Rescue of aging-like phenotypes in KL^−/− mice by genetic intervention in insulin and IGF1 signaling. (A and B) Life-span extension in KL^−/− mice by reducing IRS-1 expression. KL^−/− mice heterozygous for an IRS-1 null allele (IRS-1^+/−) lived longer than those without the mutation (IRS-1^+/+) both in males (P = 0.0005 by log-rank test) and females (P = 0.01 by log-rank test). [(C) to (N)] Rescue of aging-like phenotypes in KL^−/− IRS-1^+/− mice at the histological level. Typical findings from four 8-week-old males of each genotype are shown. (C and D) Aorta (von Kossa staining). Calcification of arterial walls [black deposits in (C)] was decreased in KL^−/− IRS-1^+/− mice (D). (E and F) Kidney (von Kossa staining). Calcification of small arteries and renal tubules [black deposits in (E)] was decreased in KL^−/− IRS-1^+/− mice (F). (G and H) Stomach (von Kossa staining).

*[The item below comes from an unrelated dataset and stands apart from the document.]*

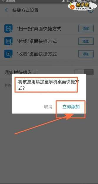 7最后,在出现的设置快捷方式提示中点击立即添加即可。
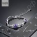 Это превосходное украшение представляет собой изысканное плетение со сказочными мотивами, украшенное россыпью прозрачных кристаллов. Главными декоративными элементами данного браслета являются три завораживающих фианита глубокого фиолетового цвета. Эти камни имеют правильную квадратную форму, которая оттеняет сложность плетения корпуса браслета.

Ectopic calcification in gastric mucosa and small arteries [black deposits in (G)] was alleviated in KL^−/− IRS-1^+/− mice (H). (I and J) Cross-sections of the skin. Hematoxylin-eosin (HE) staining. Reduction in epidermal layer (e) thickness observed in KL^−/− mice (I) was improved and subcutaneous fat (s) was restored in KL^−/− IRS-1^+/− mice (J). (K and L) Lung (HE staining). Emphysematous changes, including enlargement of air spaces and destruction of the normal alveolar architecture were observed in KL^−/− mice (K), but were alleviated in KL^−/− IRS-1^+/− mice (L). (M and N) Testis (HE staining). Seminiferous tubules were atrophic and no mature sperm was observed in KL^−/− mice (M). Spermatogenesis was restored in KL^−/− IRS-1^+/− mice (N). All panels were shown in the identical magnification (×200). Scale bar, 200 μm.